The feature is also still worked on, as tracked under Add a setting/API to run a code snippet/script in the REPL on startup · Issue #21242 · scala/scala3 · GitHub
We may add a more intuitive way of passing an init script (although the syntax above is quite simple already, I think).

1 Like

AHA!! Many thanks. Finally Scala 3 can do what I have longed for:

Super-thanks to all contributors of this feature!!!

3 Likes

ah, thanks for the correction, TIL

Scala 3.6.4-RC2 is now available - Release 3.6.4-RC2 · scala/scala3 · GitHub

The second release candidate fixes some of changes that coused regressions in several projects

The stable 3.6.4 release is planned for March 5th.

3 Likes

I am afraid I have found a regression - some imports are falsely reported as unused. RC1 already exhibited the issue, unfortunately I did not test my project against it. Reported as 3.6.4 regression - false positive warnings: unused imports · Issue #22690 · scala/scala3 · GitHub

Thank you reporting this one.
Unfortunately some time ago we’ve introduced a cutoff policy for RC releases so that we can fixed amount of time to find and fix regressions, to address issues with multiple releases for the same minor due to multiple bugfix releases (e.g. 3.6.1-RC1 being blocked by not yet released 3.5.0 (-RC7))
In the 3.6.4-RC2 (5 weeks after RC1) we’ve reverted all changes that introduced a known regressions that we were not able to fix in that period. Unless any critical issue would occur (e.g. detected binary compatibility breakage, CVE, etc.) we don’t plan any additional release candidates and the RC2 would be nominated to final release.
This means this regression is unlikely to be fixed in 3.6.4, but we’d try our best to have it fixed in 3.7.0 (either in RC1 planned for March 12th or backported in successor RC)

1 Like

Thanks for clarification. As for my project, it can happily live with 3.6.3 until next release, I do not think any of 3.6.4 features is something we need.

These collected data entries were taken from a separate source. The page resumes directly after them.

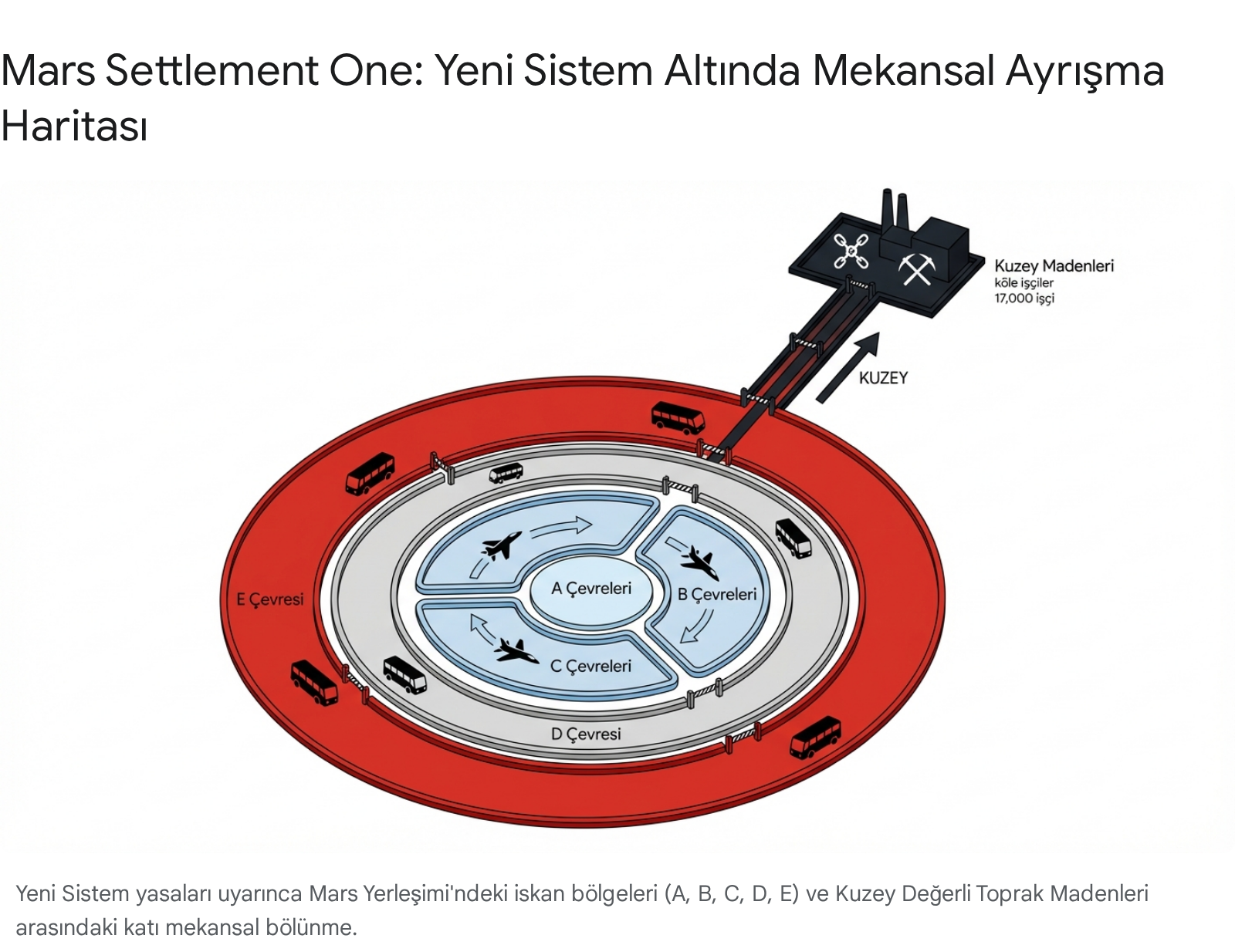 Yeni Sistem'in en can alıcı ve şiddet dolu bileşenlerinden biri, iskan haklarının ve hareket özgürlüğünün biyolojik ve ırksal temelde kesin çizgilerle kısıtlanmasıdır. Mars Yerleşimi, harf kodlarıyla ayrıştırılmış iç içe geçmiş "Çevrelerden" (Perimeters) oluşmaktadır.1
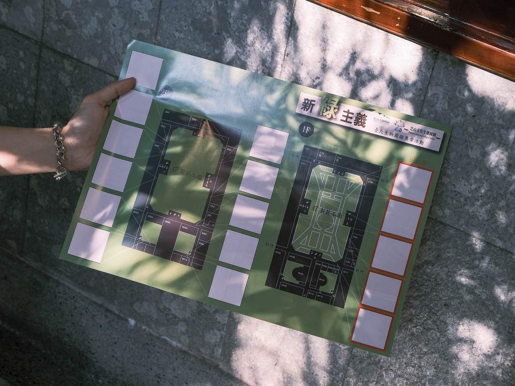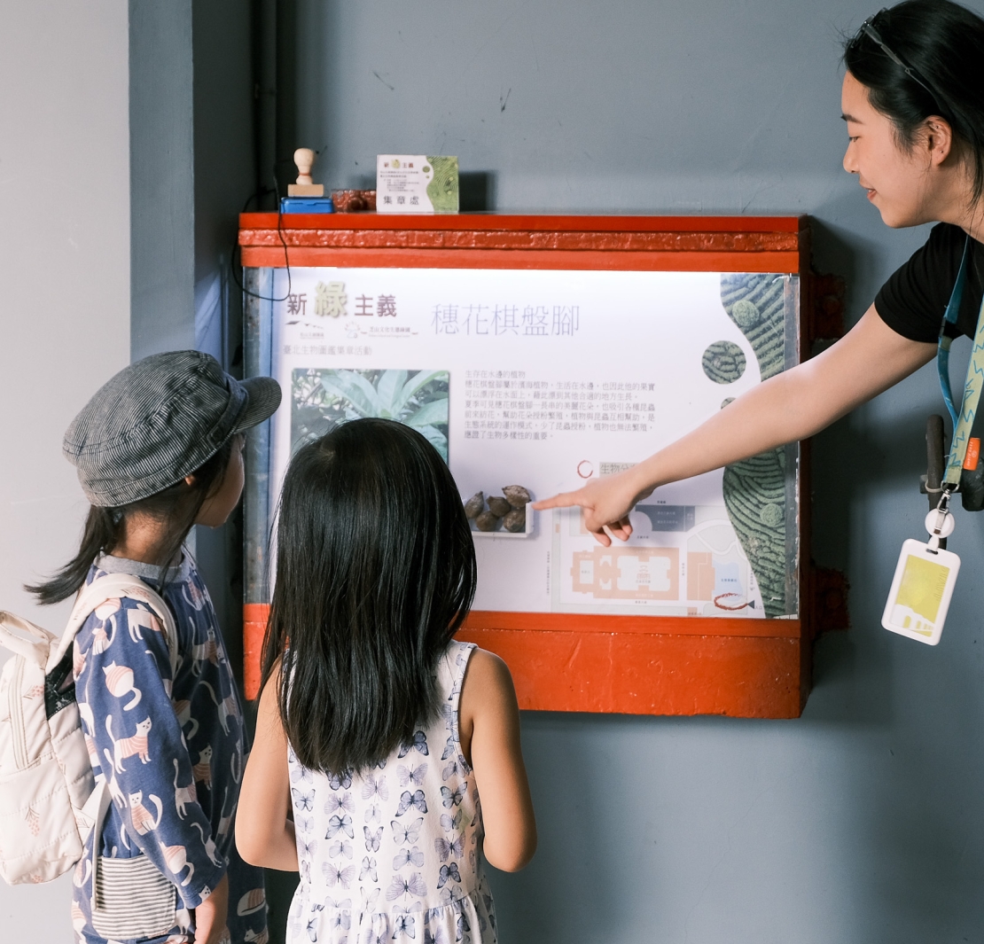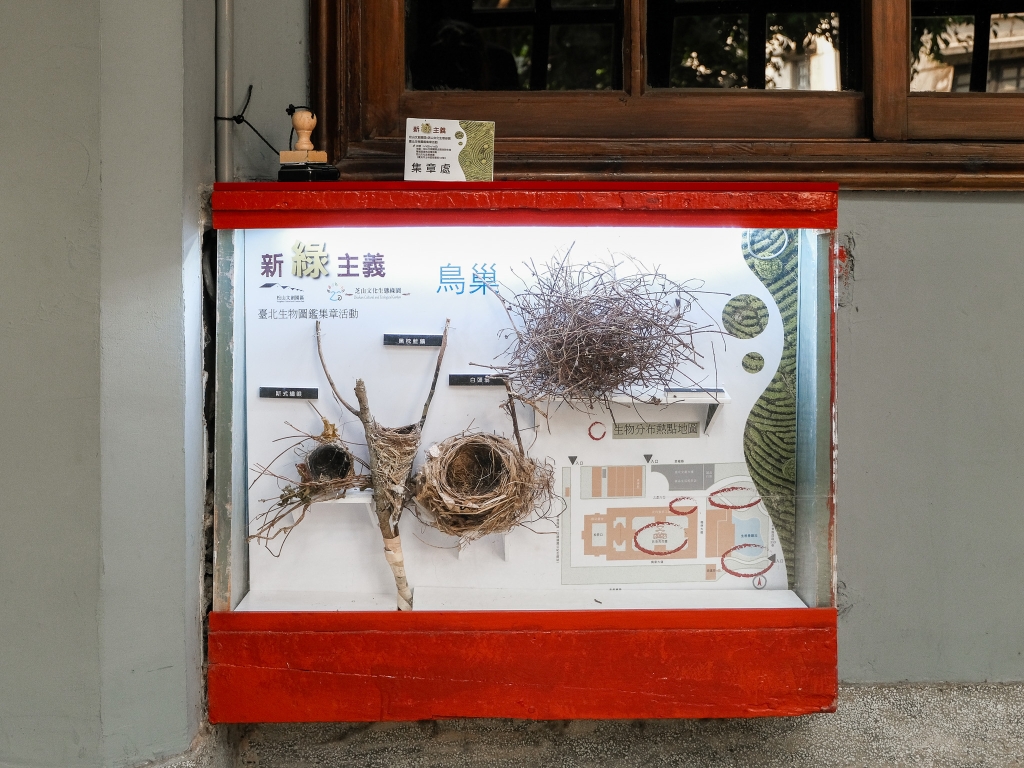 《新綠主義-臺北生物圖鑑集章活動》聚焦於環境生態踏查的成果,精選園區內16種常見且具有特色的鳥類、植物和昆蟲,例如曾被列為瀕危野生動植物的綬草,及生物水晶標本如三角蜻蜓、橙頭土蜂、台灣長尾水青蛾等,還特別展出斯氏繡眼、黑枕藍鶲及白頭翁的鳥巢,掃描QRcode即可聆聽鳥叫聲及活動影片,透過多種媒介靈活呈現生物多樣性。
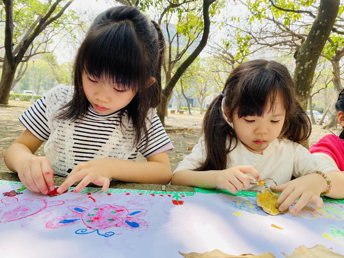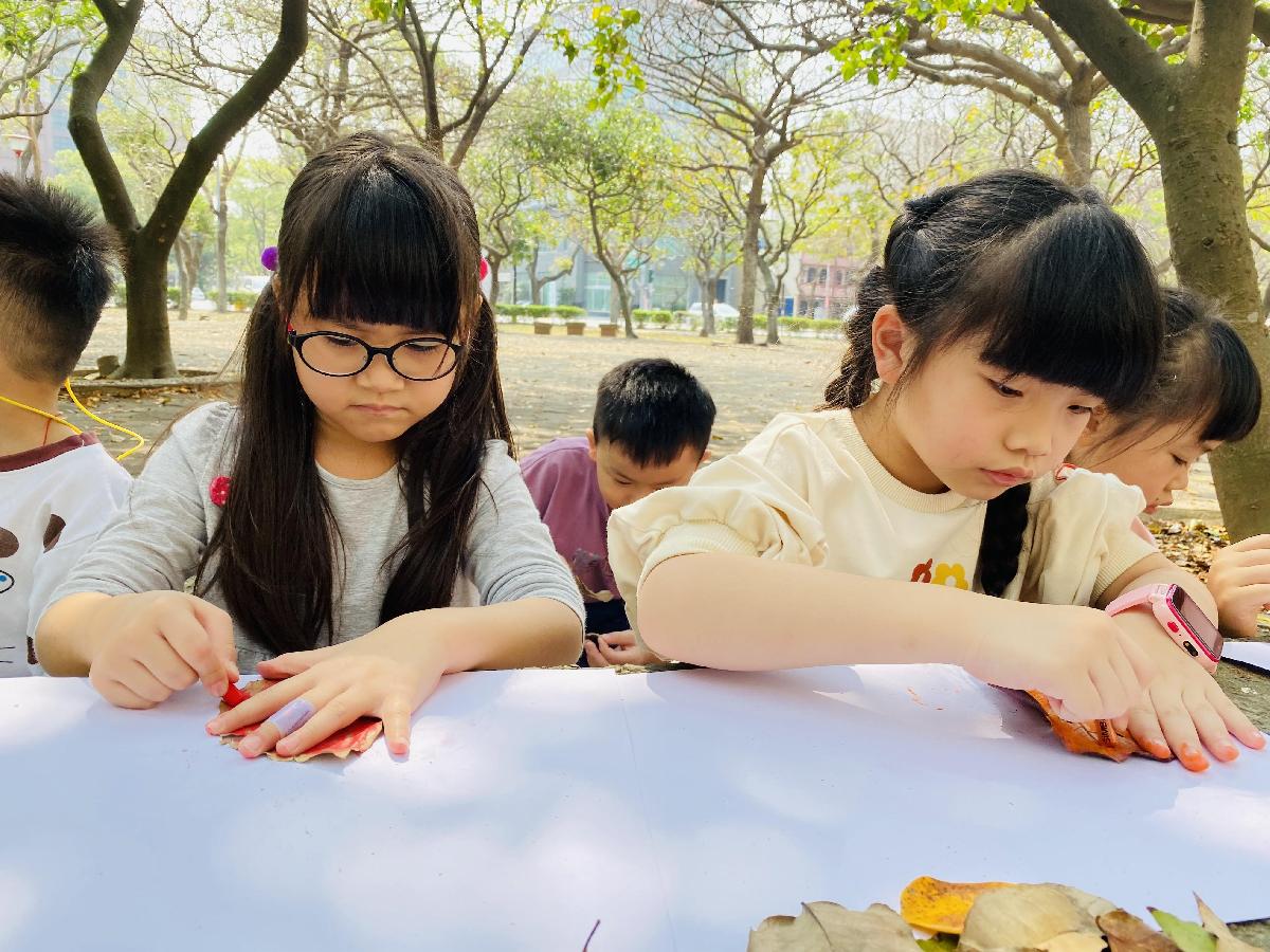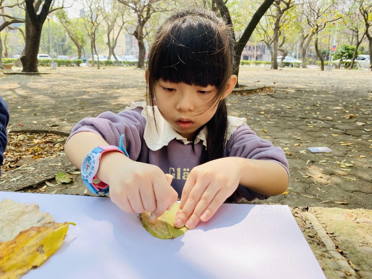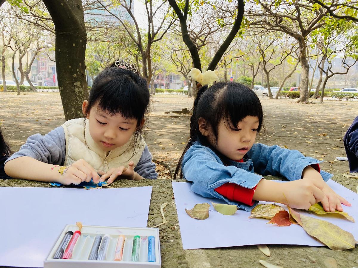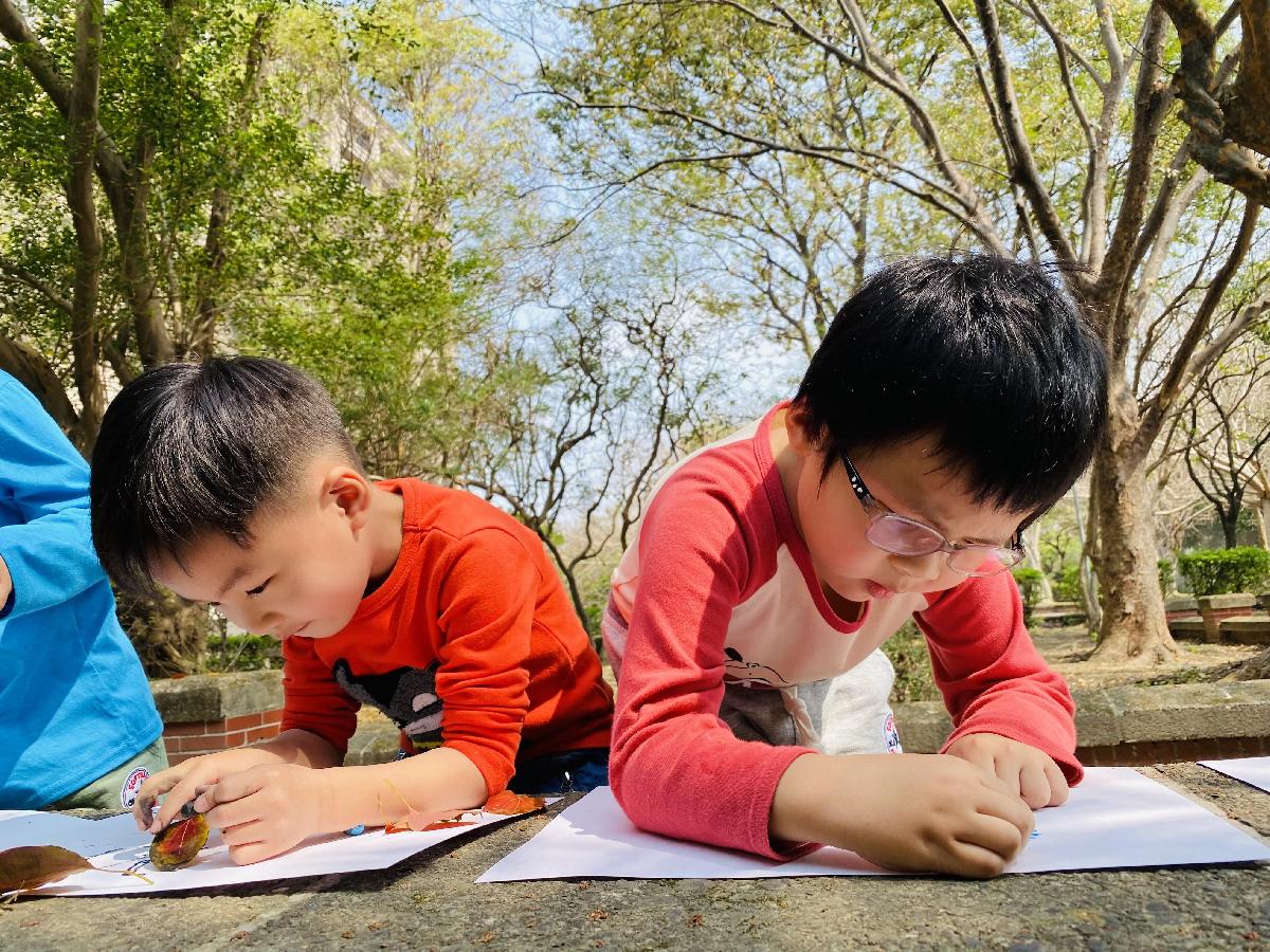 幼兒們利用地上的落葉
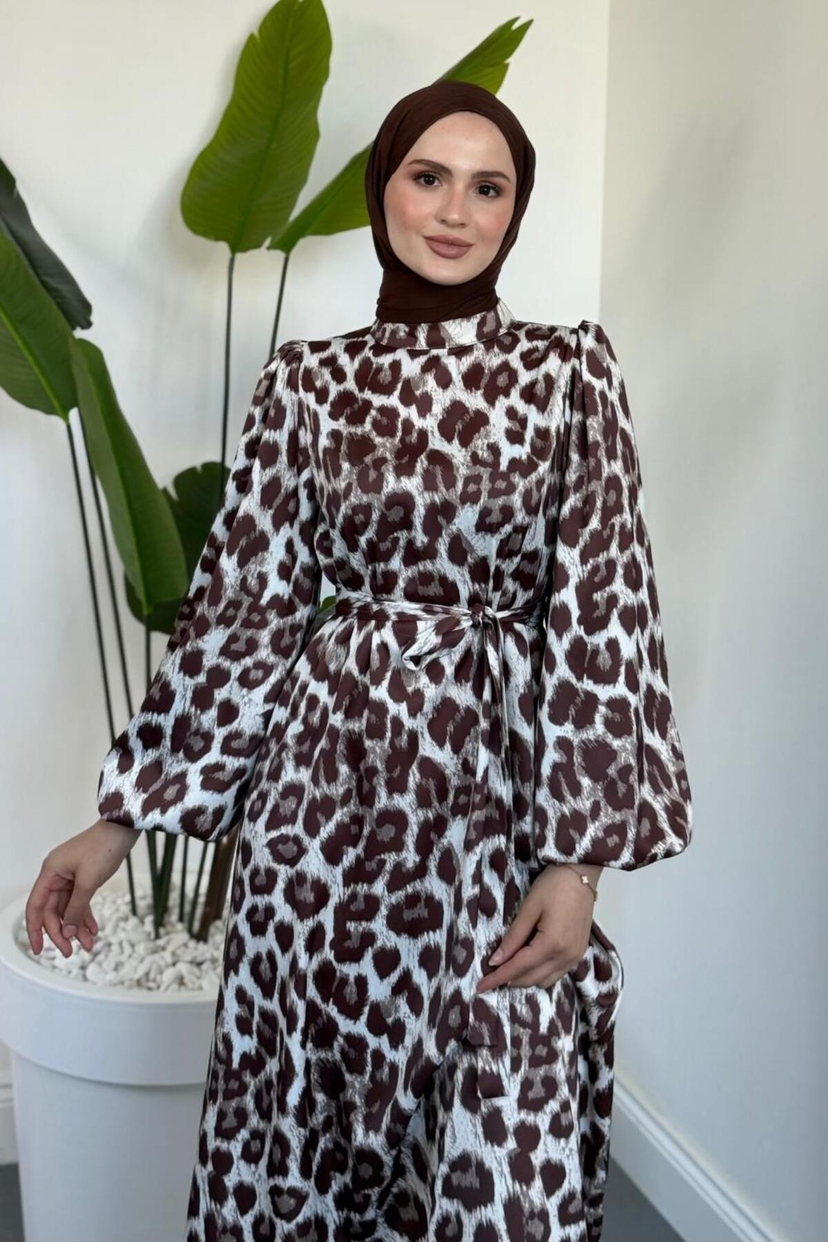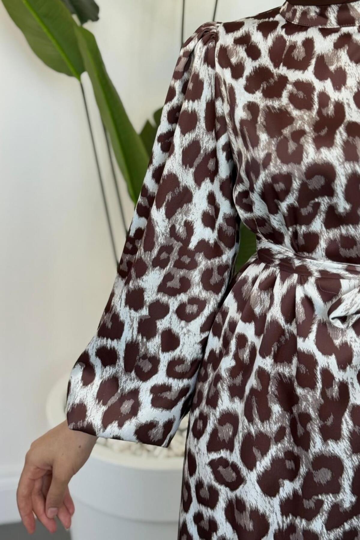 Kimberly Leopar Desen Saten Elbise Kahverengi Kimberly Leopar Desen Saten Elbise Kahverengi 1154 44
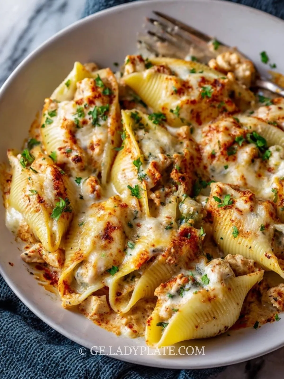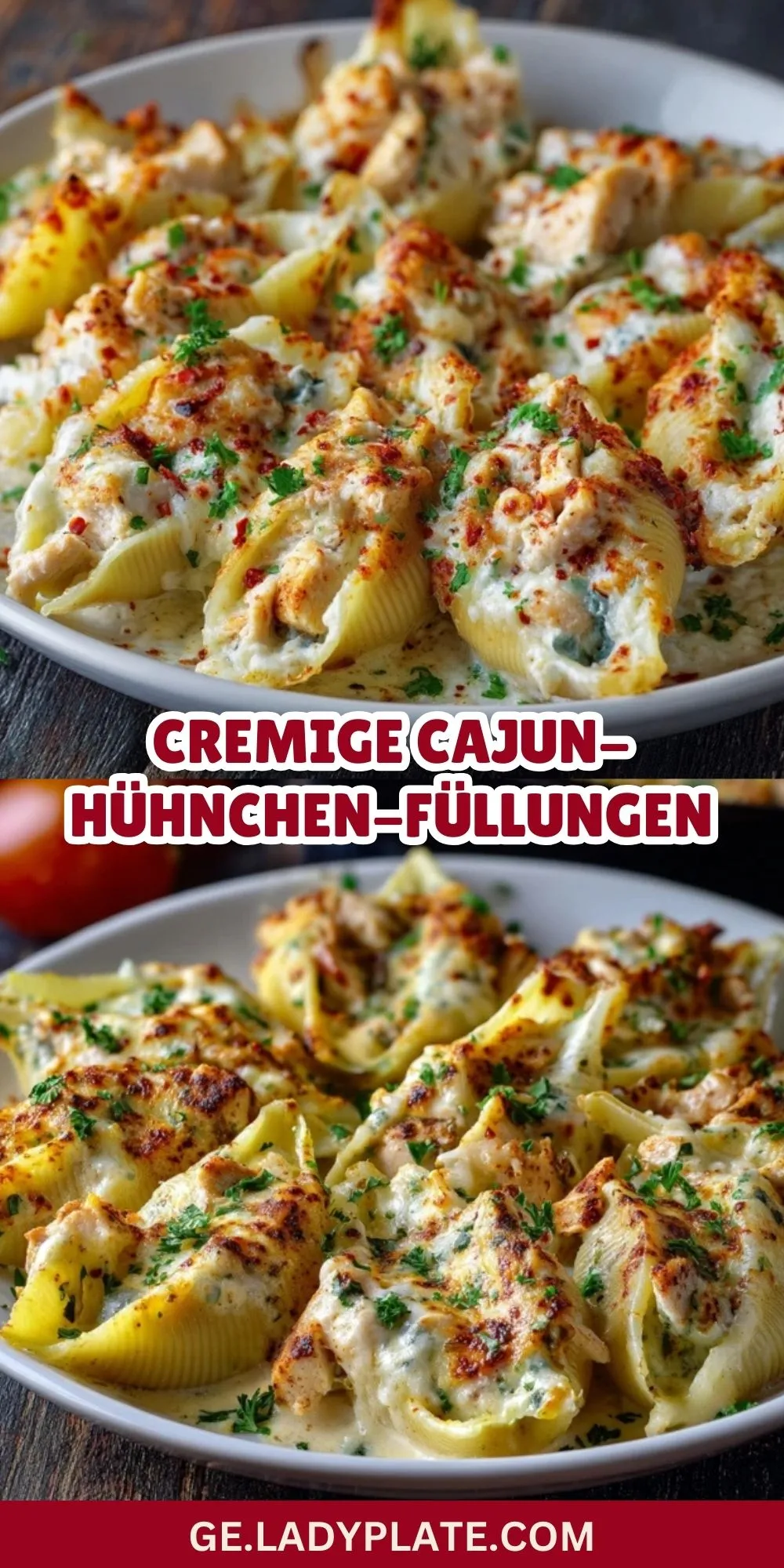 Cremige Cajun-Hühnchen-Pasta-Muscheln sind ein raffiniertes Ofengericht, das zartes Hähnchen, würzige Cajun-Gewürze und cremigen Käse in großen Muschelnudeln vereint. Perfekt zum Vorbereiten, Teilen und Genießen mit Familie oder Gästen!
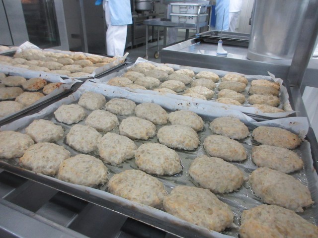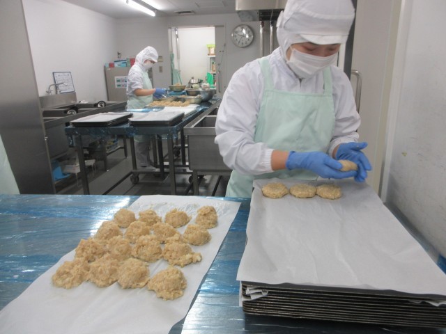 今日の主菜は、れんこん入りつくね焼きです。名前の通り今日のつくねにはれんこんが入っています。れんこんは半分は、すりろし、半分は刻んであります。すりろしたれんこんを入れることで、ふんわりとした食感となり、刻んだれんこんがシャキシャキとした食感になるので食べ応えがあるつくねになります。
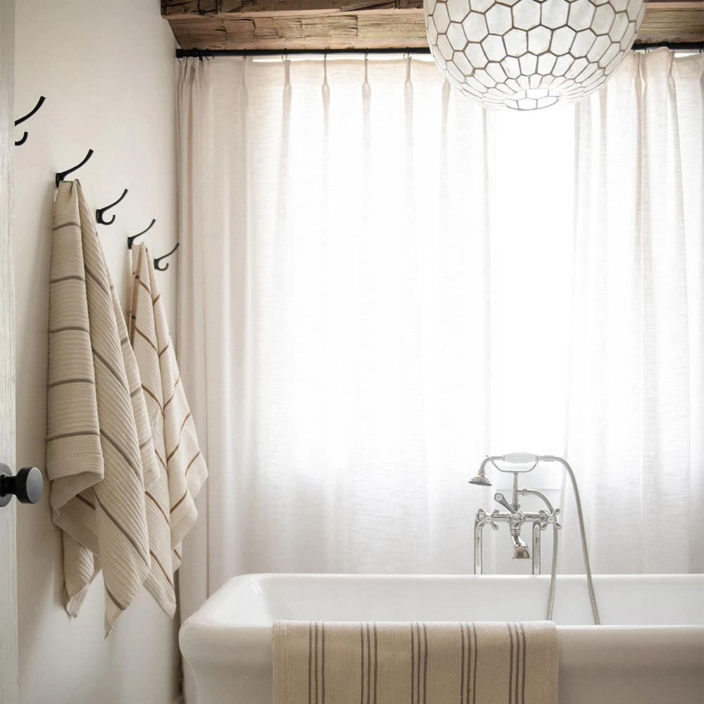These waffle hand towels are hemmed on the edges. They are made with a four-harness traditional handloom which provides the towel its three-dimensional look. The waffle weave is very absorbent and super soft.

The next planned release is 3.7.0. You can expect its first RC by the end of next week.

6 Likes

Is there an expected release date for 3.7.0? I thought it was planned for end of year, but if the first RC is due next week then maybe the final release will be earlier than I thought.

I’d like to know so I can decide what version to use in the next release of Mill 0.13.0

It’s typically ~6 weeks after cutoff / RC1, which would set us for final release no earlier then April 15th.

As for the version used for Mill I’d personally suggest 3.3 LTS with possible upgrade to next one (probably 3.9 LTS) in the future, because of the plugin system. Seems like sbt 2 is currently using Scala 3.6, but in my opinion they should stick to LTS as well, unless it is possible to have a seperation of an API for plugin authors published using LTS and actual application using whatever version author chooses.

3 Likes

Got it, thanks! Mill’s main branch currently is on 3.6 following SBT 2.0, we can see whether it’s feasible to use 3.3.x. IIRC some libraries hit compiler bugs thst necessitated 3.5 or above, so might not be feasible even if we wanted to

Are named tuples expected to be non-experimental (or under preview)?

Yes, stable, see Makes Named Tuples a stable feature in 3.7 by WojciechMazur · Pull Request #22753 · scala/scala3 · GitHub

iirc, we discussed it on the core team and saw no reason for this particular one to go through the preview stage

1 Like

Awesome! Thanks for the update and for all the work!